I would enthusiastically recommend Jai Yun, Saigon Sandwich (banh mi ), Santa Ramen, La Tartine (bakery), Canteen (diner), Manresa. Some others were good or even very good but I've only visited them once and can't recommend them. However, I'm personally looking forward to returning to Chez Panisse, Zuni, Ad Hoc, Tacubaya, Pizzaiolo. As for the rest, there's just too much competition in San Francisco.

I have a long list of other restaurants that I'm excited to try on my next trip but I got them from Chowhound or the SF Gate food section and can't really add to what you could find on your own. I found a lot of appealing restaurants in Zagats that I don't remember from the Gate. And I'm planning to consult burritoeater.com for my next trip.

As far as attractions, I've done Coit Tower, Alcatraz, Golden Gate Park ( the Japanese Tea Garden and the de Young sculpture garden, including the Tully skyscape and Claes Oldenburg's safety pin sculpture), the Palace of Fine Arts, Muir Woods, the Golden Gate Bridge, the Sutro Baths, the Hungry Hippy tour of Haight-Asbury, the Berkeley campus (including the entomology museum where the didn't really seem prepared to deal with an actual visitor), Indian Rock and the surrounding resdential neighborhood (in Berkeley), the farmers market at the Ferry Building, Chinatown.
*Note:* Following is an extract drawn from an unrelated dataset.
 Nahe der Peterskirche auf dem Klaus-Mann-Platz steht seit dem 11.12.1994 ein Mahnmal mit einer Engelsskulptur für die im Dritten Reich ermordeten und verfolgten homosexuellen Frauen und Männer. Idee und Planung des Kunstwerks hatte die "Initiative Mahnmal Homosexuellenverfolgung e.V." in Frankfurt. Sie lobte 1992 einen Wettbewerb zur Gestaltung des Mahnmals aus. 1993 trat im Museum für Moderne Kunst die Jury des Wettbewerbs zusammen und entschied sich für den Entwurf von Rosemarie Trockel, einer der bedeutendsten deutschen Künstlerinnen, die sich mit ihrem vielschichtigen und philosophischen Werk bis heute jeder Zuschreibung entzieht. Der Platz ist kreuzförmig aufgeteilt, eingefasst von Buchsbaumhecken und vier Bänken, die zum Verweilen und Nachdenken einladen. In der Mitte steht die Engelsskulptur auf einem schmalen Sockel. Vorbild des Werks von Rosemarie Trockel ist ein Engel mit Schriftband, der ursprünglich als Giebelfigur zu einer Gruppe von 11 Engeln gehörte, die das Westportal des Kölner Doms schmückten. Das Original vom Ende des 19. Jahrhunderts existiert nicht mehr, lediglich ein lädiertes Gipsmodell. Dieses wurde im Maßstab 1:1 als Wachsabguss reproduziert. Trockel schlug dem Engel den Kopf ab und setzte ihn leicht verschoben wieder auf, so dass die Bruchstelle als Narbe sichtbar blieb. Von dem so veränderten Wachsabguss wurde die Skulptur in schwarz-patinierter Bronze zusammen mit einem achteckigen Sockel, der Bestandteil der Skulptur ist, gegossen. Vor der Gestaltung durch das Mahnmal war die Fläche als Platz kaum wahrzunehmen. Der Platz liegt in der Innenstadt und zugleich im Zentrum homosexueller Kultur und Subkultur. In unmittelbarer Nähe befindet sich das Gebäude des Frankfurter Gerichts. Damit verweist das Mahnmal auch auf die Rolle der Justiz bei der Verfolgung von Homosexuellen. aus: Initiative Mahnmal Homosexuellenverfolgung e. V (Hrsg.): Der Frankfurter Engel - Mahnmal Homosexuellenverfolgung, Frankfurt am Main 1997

I was very sorry that I couldn't fit in a tour of the artist in residence program at the city dump. I think it's the 3rd Saturday of each month so it might fit into your schedule. And I was also sorry that I didn't get to the hydrological model of the Bay Area. These were both recommended to me when I asked a similar question last February.